'''
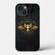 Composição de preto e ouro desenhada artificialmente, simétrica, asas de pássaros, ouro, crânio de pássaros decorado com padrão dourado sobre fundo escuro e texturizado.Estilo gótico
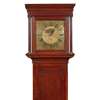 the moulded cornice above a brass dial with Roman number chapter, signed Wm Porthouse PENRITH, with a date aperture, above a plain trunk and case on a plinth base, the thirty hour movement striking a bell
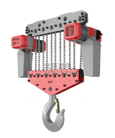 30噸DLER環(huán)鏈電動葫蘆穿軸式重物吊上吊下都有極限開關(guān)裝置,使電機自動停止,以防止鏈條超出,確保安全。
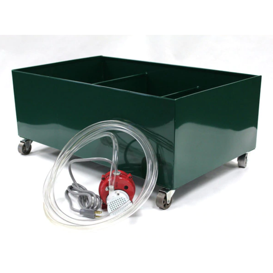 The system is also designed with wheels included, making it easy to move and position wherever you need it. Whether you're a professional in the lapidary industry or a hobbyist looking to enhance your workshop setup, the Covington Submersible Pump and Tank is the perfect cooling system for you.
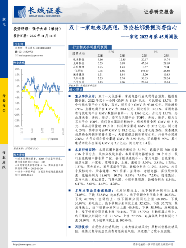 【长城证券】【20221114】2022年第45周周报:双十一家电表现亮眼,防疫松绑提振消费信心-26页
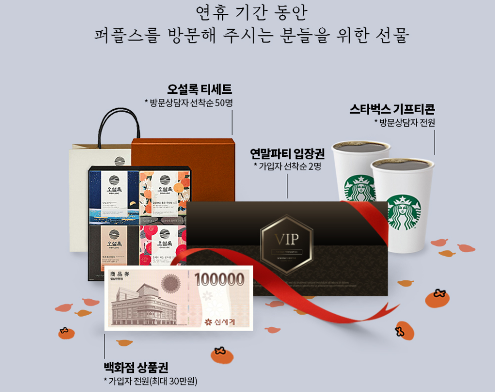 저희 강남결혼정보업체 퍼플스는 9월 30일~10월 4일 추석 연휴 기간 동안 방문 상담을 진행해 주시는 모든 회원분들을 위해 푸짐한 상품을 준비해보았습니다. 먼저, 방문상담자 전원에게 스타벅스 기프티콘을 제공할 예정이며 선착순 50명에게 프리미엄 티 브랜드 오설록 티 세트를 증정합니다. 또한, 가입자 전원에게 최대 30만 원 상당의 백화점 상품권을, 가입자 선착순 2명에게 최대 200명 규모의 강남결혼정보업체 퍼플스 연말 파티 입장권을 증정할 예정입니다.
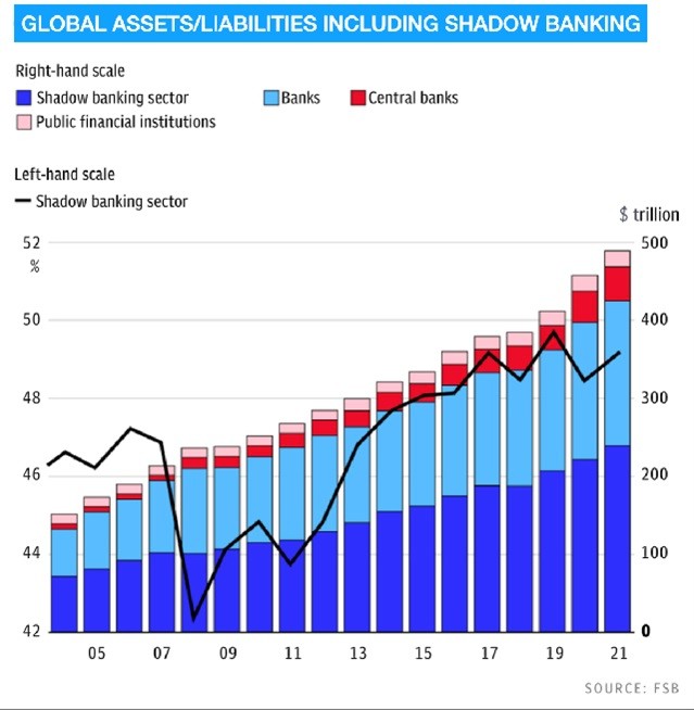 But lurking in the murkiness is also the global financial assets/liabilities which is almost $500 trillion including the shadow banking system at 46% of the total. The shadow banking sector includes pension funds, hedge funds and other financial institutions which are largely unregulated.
'''
'''
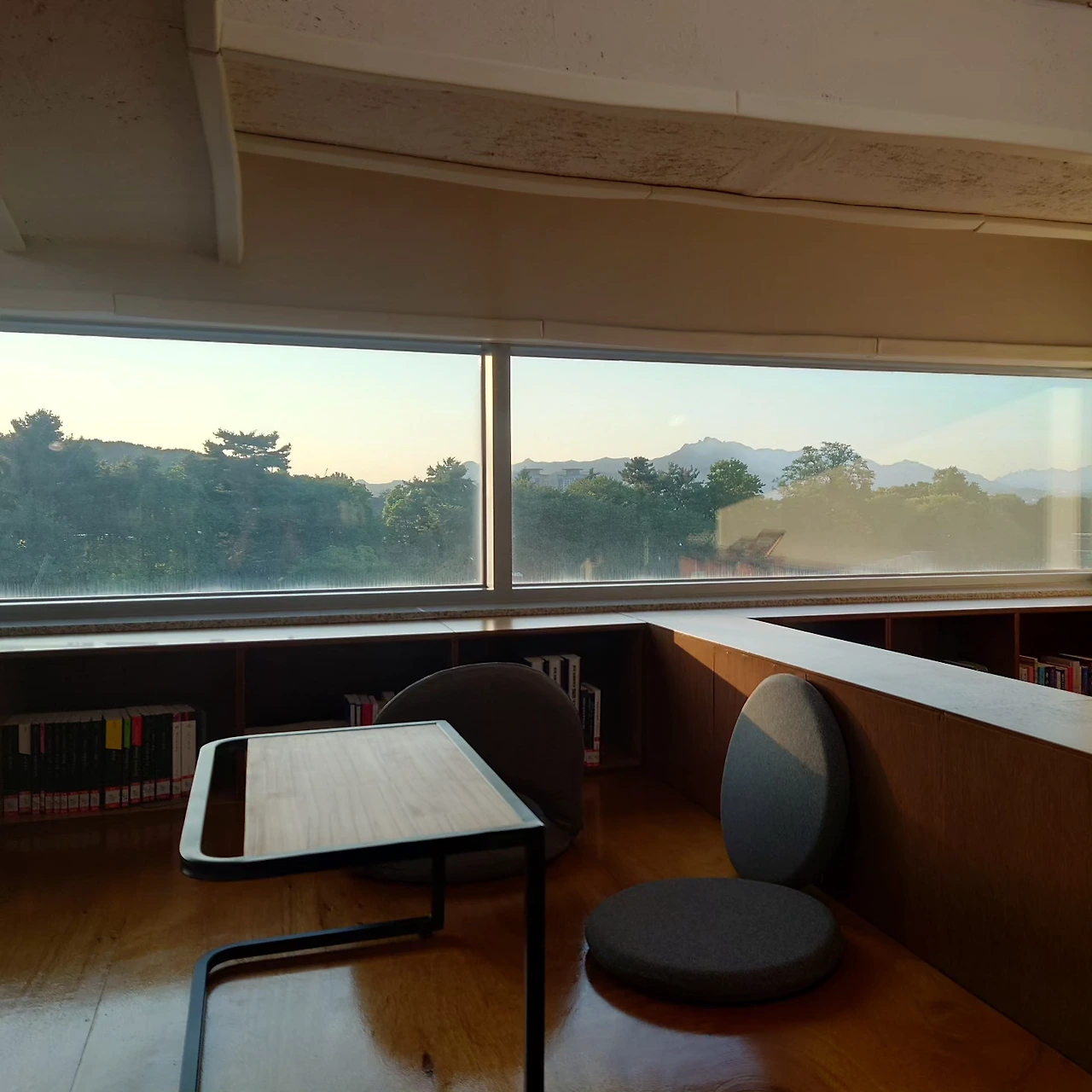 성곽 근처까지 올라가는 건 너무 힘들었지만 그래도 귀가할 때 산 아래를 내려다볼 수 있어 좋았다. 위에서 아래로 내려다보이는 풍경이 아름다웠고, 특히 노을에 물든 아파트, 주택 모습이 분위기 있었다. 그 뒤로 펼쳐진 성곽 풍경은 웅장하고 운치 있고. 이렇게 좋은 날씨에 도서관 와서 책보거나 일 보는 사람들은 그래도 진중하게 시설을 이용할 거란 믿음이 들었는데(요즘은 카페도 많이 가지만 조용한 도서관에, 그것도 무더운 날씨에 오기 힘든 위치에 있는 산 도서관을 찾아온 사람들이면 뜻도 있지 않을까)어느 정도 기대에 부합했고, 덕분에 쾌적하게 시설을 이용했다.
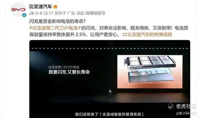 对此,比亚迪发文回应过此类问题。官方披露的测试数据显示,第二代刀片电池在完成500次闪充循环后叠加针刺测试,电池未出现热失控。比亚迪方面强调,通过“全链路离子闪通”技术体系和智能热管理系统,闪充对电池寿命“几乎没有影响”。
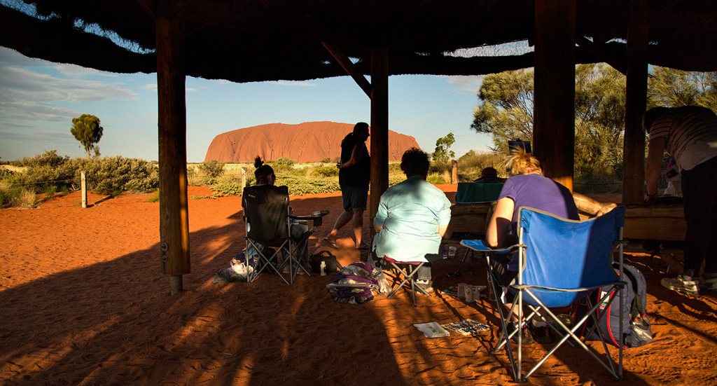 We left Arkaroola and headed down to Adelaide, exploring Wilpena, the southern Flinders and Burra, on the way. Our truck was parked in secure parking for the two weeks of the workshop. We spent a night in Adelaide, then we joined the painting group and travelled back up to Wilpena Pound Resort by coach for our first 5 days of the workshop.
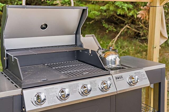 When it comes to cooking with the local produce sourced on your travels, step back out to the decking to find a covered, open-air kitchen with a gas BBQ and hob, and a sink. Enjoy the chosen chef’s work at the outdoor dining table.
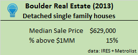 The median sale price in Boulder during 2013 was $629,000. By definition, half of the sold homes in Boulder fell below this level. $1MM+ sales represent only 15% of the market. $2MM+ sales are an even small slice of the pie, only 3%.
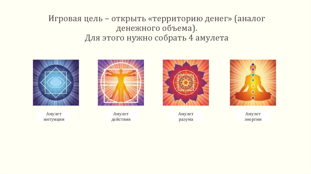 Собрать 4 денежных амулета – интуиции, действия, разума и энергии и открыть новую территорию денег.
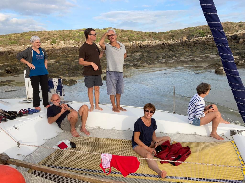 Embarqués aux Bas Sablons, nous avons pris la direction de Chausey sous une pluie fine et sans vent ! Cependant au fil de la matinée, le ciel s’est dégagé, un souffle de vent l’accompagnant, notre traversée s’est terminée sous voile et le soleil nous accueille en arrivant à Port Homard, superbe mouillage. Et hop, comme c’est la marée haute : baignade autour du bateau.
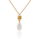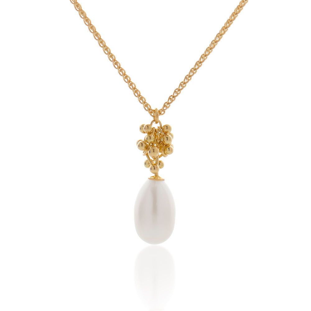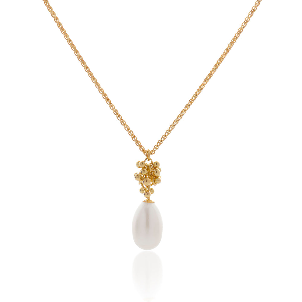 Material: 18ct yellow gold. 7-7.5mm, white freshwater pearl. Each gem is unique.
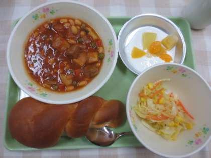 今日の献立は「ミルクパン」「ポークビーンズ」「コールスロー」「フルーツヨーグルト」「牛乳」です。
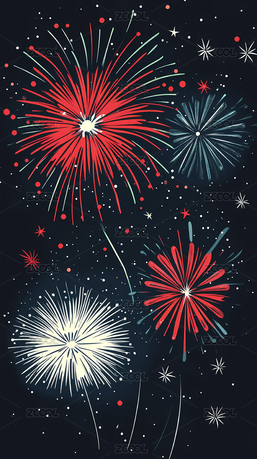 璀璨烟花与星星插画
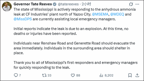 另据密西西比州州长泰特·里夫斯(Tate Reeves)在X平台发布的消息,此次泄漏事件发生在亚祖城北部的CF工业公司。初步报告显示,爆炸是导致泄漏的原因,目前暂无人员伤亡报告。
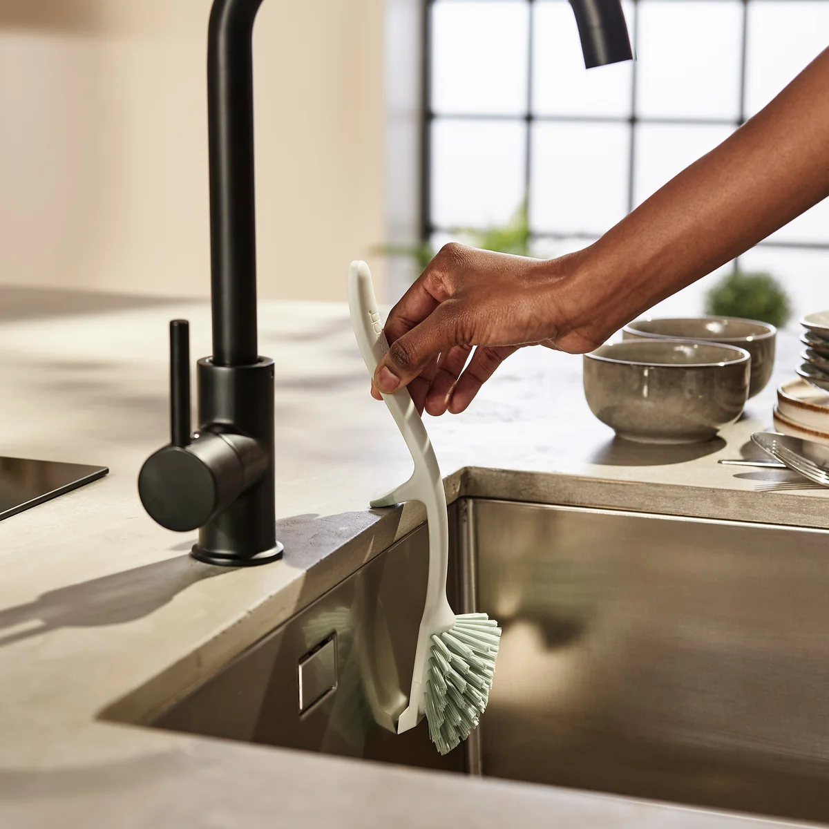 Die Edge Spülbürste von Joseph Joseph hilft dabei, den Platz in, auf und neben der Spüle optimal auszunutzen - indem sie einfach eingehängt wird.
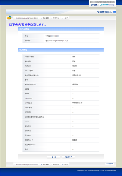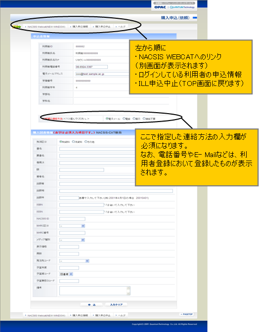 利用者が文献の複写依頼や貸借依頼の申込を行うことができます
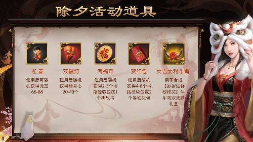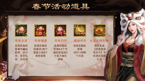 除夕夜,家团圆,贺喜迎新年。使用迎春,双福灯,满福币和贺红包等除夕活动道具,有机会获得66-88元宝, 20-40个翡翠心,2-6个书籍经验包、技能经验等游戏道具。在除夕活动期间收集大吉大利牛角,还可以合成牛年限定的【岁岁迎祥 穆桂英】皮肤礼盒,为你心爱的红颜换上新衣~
'''
'''
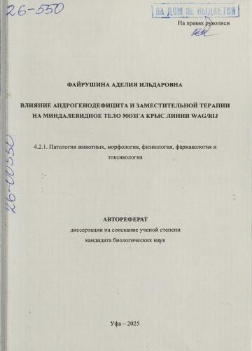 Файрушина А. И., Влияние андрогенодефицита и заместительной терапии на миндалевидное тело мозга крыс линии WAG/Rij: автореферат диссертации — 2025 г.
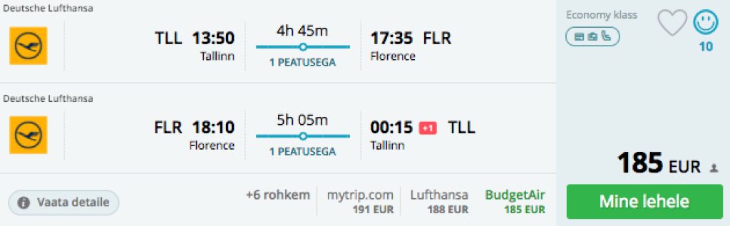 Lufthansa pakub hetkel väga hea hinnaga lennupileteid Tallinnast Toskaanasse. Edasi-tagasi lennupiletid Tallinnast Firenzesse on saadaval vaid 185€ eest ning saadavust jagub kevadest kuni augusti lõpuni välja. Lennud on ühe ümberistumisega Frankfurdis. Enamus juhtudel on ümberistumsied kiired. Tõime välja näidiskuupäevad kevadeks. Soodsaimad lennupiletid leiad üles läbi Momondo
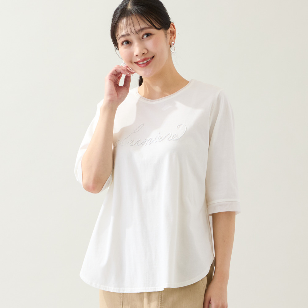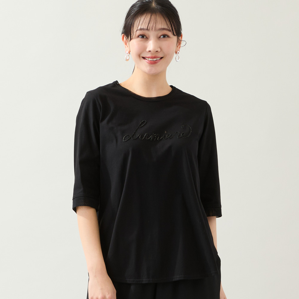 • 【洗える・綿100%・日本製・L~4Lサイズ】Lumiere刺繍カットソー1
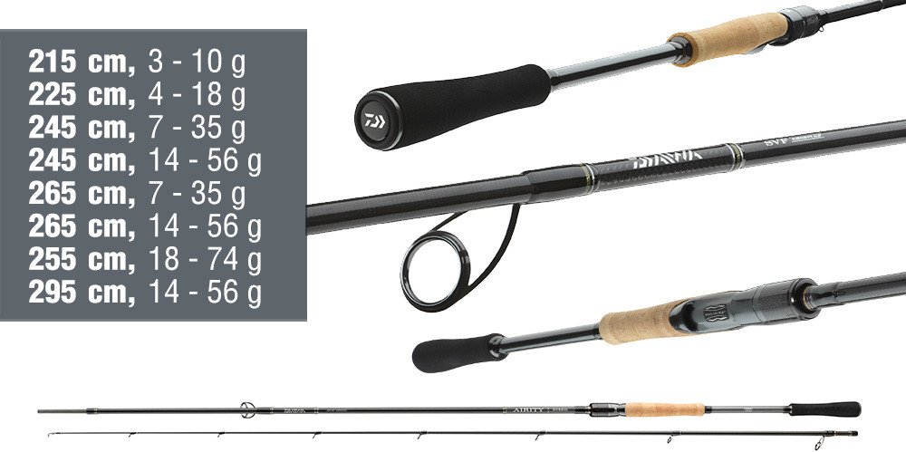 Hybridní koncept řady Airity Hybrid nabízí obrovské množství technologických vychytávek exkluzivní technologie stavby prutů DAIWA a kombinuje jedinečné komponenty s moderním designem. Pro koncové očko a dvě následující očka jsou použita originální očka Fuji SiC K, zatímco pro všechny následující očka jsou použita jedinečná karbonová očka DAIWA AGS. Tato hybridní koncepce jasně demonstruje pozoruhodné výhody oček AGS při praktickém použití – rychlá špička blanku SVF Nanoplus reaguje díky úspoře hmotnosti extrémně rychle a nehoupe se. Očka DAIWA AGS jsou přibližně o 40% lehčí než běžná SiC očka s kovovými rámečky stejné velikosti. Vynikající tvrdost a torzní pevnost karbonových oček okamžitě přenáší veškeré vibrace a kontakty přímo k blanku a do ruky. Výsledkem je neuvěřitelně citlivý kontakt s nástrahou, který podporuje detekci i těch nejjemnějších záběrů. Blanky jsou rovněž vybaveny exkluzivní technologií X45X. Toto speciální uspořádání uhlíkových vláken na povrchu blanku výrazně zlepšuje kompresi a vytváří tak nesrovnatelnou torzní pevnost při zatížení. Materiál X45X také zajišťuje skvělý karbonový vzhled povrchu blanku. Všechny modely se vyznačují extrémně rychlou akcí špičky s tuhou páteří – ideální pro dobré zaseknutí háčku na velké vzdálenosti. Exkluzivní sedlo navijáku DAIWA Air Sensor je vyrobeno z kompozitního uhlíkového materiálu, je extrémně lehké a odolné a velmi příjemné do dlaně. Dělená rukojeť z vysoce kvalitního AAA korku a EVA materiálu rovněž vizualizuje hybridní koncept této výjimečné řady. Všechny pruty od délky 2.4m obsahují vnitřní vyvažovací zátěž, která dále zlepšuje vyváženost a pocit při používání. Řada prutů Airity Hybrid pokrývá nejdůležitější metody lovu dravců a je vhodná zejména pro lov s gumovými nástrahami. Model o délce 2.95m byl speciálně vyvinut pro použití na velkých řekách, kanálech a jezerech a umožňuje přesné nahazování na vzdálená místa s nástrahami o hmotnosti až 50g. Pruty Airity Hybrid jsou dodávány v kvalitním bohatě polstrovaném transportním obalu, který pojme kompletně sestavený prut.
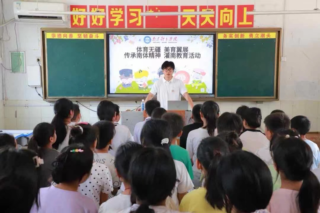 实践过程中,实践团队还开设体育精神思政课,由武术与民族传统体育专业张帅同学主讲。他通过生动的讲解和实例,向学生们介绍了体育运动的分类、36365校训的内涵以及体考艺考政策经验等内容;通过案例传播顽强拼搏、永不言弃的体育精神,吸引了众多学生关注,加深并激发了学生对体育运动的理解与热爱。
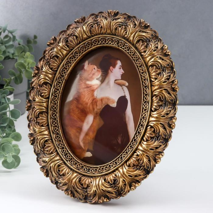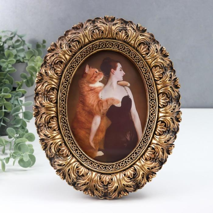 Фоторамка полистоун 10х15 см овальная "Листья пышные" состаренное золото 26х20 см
'''
Task details:
What you return must match the lines above from the one with "Composição de preto" through the one with "the moulded cornice" exactly, with both ends included and the pictures excluded.

Solved problem:
 Composição de preto e ouro desenhada artificialmente, simétrica, asas de pássaros, ouro, crânio de pássaros decorado com padrão dourado sobre fundo escuro e texturizado.Estilo gótico
 the moulded cornice above a brass dial with Roman number chapter, signed Wm Porthouse PENRITH, with a date aperture, above a plain trunk and case on a plinth base, the thirty hour movement striking a bell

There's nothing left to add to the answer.